*What you need to do*.
Some of the lines below need repeating. Reproduce exactly those between the lines holding "Срібний хрестик з" and "Receiver operating characteristics", inclusive.

*Data to process*.
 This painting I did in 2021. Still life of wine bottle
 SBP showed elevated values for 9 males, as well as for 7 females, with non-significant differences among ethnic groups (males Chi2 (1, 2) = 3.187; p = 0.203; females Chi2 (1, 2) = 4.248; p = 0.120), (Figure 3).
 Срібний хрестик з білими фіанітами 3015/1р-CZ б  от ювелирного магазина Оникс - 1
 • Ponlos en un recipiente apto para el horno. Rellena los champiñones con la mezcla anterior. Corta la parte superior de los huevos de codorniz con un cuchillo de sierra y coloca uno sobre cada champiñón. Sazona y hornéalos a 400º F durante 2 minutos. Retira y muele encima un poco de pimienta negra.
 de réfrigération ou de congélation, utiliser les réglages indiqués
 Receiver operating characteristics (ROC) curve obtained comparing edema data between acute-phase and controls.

---

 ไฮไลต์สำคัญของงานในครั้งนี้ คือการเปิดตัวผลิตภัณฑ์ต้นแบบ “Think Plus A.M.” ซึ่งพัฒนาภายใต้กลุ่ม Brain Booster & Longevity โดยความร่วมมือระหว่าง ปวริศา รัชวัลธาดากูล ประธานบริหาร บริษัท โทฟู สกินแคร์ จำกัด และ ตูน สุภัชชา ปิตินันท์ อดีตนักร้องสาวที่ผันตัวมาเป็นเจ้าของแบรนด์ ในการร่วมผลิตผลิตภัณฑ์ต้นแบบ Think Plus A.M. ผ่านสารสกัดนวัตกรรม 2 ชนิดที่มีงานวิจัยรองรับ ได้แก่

==

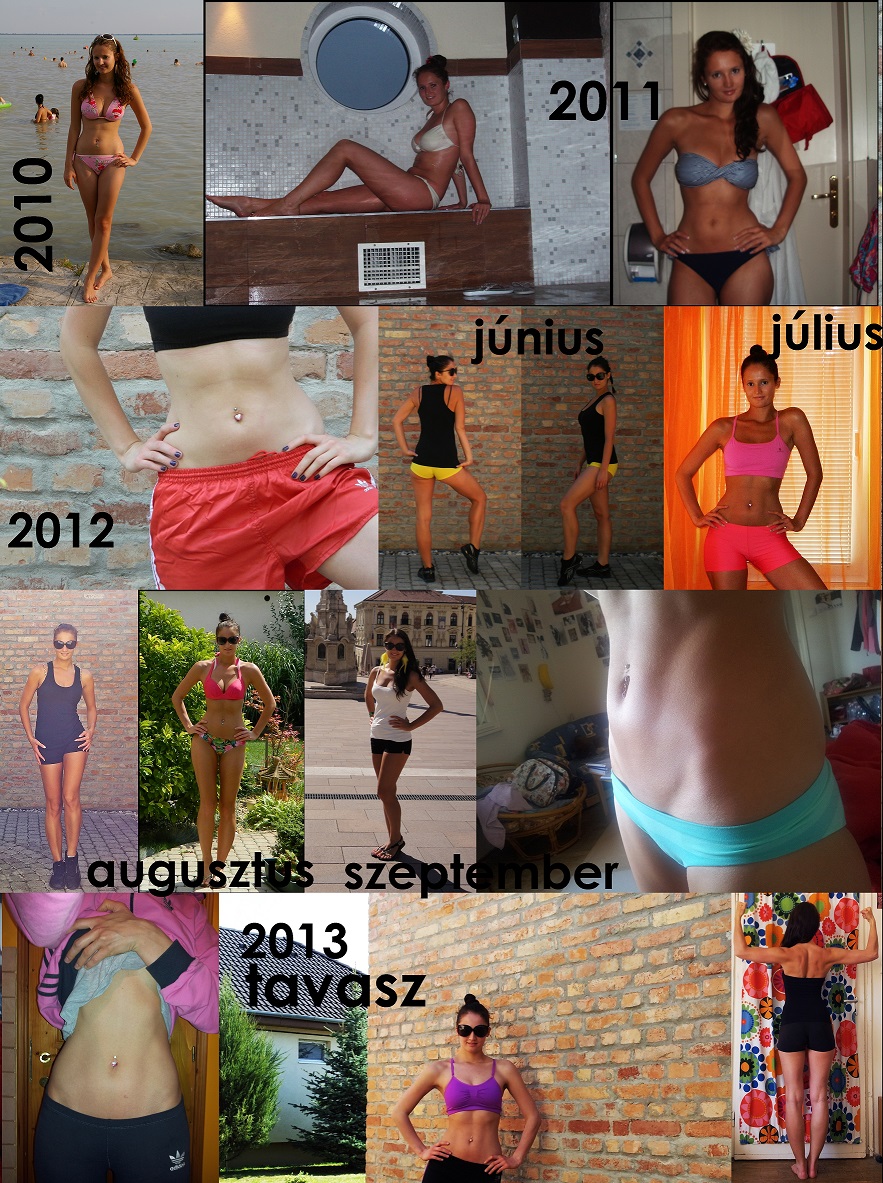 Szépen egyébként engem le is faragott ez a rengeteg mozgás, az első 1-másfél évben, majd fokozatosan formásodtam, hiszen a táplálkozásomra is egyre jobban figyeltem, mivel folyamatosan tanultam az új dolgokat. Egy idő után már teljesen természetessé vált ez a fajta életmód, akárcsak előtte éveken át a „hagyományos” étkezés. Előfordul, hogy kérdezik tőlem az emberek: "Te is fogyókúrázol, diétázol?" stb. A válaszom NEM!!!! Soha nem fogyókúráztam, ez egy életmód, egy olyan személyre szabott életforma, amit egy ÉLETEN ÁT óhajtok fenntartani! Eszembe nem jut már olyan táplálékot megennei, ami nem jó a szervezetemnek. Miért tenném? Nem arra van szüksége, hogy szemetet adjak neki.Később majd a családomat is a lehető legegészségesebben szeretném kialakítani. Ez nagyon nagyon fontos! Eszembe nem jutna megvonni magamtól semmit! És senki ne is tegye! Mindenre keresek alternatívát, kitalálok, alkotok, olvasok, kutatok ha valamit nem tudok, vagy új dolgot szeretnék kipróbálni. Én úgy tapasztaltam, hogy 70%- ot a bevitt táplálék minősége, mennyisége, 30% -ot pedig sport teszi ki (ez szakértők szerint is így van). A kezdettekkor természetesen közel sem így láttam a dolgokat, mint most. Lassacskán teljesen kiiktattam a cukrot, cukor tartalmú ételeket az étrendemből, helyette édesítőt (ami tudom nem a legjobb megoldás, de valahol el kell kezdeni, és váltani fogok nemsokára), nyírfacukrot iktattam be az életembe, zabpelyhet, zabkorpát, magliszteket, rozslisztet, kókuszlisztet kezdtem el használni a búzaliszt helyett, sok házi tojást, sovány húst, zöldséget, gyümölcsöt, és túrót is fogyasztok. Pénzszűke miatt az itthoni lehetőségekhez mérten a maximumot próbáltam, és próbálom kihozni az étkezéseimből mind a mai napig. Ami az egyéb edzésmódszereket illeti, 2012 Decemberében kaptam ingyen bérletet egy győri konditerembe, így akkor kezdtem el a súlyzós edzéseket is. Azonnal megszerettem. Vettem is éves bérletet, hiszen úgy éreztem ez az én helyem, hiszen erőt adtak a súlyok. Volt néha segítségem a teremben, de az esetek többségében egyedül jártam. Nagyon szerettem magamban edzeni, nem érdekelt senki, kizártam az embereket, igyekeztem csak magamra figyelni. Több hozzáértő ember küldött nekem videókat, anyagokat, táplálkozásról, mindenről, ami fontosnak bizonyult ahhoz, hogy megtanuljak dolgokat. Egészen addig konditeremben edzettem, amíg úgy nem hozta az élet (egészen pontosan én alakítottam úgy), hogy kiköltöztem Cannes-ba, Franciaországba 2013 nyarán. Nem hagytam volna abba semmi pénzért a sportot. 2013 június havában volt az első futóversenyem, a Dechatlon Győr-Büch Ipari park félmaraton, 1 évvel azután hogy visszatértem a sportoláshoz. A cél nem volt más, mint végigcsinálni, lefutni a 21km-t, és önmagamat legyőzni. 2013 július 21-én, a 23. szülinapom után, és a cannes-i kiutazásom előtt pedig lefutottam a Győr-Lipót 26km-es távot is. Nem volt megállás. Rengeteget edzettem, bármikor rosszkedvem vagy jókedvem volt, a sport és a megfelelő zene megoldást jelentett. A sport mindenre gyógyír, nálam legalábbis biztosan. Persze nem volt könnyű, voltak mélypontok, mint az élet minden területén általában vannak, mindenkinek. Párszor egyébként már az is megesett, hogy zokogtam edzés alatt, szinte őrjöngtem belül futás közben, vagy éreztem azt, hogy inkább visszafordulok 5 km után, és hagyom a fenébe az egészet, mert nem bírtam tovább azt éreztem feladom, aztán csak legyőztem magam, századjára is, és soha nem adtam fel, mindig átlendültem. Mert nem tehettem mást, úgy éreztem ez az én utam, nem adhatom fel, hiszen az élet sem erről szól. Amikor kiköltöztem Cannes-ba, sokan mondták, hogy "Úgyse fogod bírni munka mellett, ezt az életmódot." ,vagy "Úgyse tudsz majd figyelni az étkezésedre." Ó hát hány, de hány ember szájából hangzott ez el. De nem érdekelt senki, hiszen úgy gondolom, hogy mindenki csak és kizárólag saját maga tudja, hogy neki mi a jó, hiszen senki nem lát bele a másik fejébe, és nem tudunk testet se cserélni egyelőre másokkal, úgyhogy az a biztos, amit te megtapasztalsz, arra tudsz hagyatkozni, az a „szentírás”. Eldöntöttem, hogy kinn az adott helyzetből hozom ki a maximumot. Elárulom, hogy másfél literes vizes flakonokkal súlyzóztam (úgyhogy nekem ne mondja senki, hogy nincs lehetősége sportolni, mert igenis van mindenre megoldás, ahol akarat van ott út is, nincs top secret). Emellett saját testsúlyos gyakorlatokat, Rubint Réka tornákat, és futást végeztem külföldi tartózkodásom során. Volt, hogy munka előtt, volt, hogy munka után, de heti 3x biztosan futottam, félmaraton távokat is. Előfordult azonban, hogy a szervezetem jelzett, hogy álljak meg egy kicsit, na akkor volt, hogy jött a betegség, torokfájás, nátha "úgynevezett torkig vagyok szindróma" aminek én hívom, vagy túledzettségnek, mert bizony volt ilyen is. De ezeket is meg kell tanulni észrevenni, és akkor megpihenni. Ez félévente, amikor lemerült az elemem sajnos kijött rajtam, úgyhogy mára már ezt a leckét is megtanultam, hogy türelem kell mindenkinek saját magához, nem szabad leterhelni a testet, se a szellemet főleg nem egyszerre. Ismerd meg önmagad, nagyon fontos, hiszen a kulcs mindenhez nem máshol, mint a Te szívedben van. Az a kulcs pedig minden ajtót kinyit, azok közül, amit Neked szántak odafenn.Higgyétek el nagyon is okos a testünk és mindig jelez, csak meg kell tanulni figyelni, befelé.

*Solved exercise*.
 Срібний хрестик з білими фіанітами 3015/1р-CZ б  от ювелирного магазина Оникс - 1
 • Ponlos en un recipiente apto para el horno. Rellena los champiñones con la mezcla anterior. Corta la parte superior de los huevos de codorniz con un cuchillo de sierra y coloca uno sobre cada champiñón. Sazona y hornéalos a 400º F durante 2 minutos. Retira y muele encima un poco de pimienta negra.
 de réfrigération ou de congélation, utiliser les réglages indiqués
 Receiver operating characteristics (ROC) curve obtained comparing edema data between acute-phase and controls.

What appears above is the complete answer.